Conversion to other organisms
Most of the prior knowledge stored inside Omnipath
is derived from human data, therefore they use gene names. Despite this, using homology we can convert gene names to other organisms.

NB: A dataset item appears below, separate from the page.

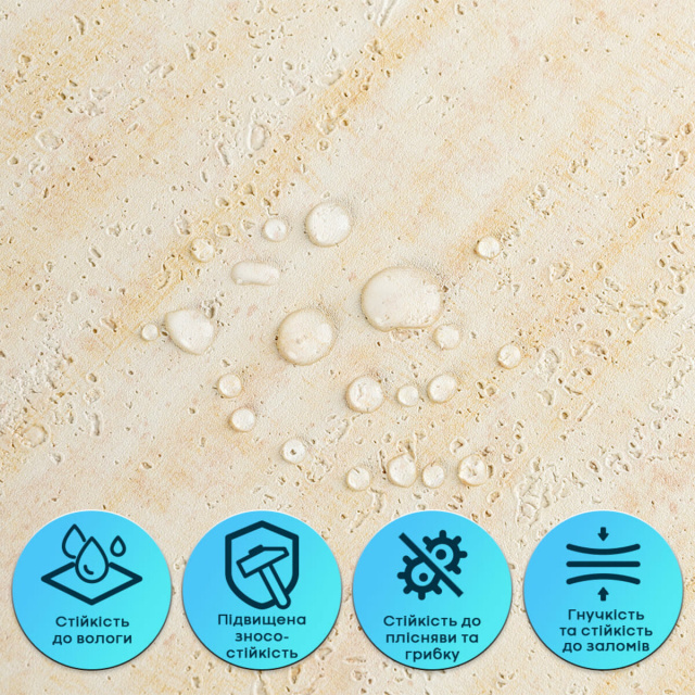 • Устойчивость к влаге и пару Гибкая штукатурка не впитывает воду, не набухает и не деформируется под воздействием влаги. Материал устойчив к парам, не способствует образованию плесени и подходит для помещений с повышенной влажностью — кухонь, ванных комнат. Может применяться в зоне кухонного фартука (при отступлении от плиты на 25-30 см).

To showcase how to do it inside decoupler
, we will load the MSigDB
database and convert it into gene symbols for mouse and fly.
[1]:
import decoupler as dc
msigdb = dc.get_resource('MSigDB')
msigdb
[1]:
genesymbol | collection | geneset | |
---|---|---|---|
0 | MSC | oncogenic_signatures | PKCA_DN.V1_DN |
1 | MSC | mirna_targets | MIR12123 |
2 | MSC | chemical_and_genetic_perturbations | NIKOLSKY_BREAST_CANCER_8Q12_Q22_AMPLICON |
3 | MSC | immunologic_signatures | GSE32986_UNSTIM_VS_GMCSF_AND_CURDLAN_LOWDOSE_S... |
4 | MSC | chemical_and_genetic_perturbations | BENPORATH_PRC2_TARGETS |
... | ... | ... | ... |
2407729 | OR2W5P | immunologic_signatures | GSE22601_DOUBLE_NEGATIVE_VS_CD8_SINGLE_POSITIV... |
2407730 | OR2W5P | immunologic_signatures | KANNAN_BLOOD_2012_2013_TIV_AGE_65PLS_REVACCINA... |
2407731 | OR52L2P | immunologic_signatures | GSE22342_CD11C_HIGH_VS_LOW_DECIDUAL_MACROPHAGE... |
2407732 | CSNK2A3 | immunologic_signatures | OCONNOR_PBMC_MENVEO_ACWYVAX_AGE_30_70YO_7DY_AF... |
2407733 | AQP12B | immunologic_signatures | MATSUMIYA_PBMC_MODIFIED_VACCINIA_ANKARA_VACCIN... |
2407734 rows × 3 columns
For this example we will filter by the hallmark
gene sets collection:
[2]:
# Filter by hallmark
msigdb = msigdb[msigdb['collection']=='hallmark']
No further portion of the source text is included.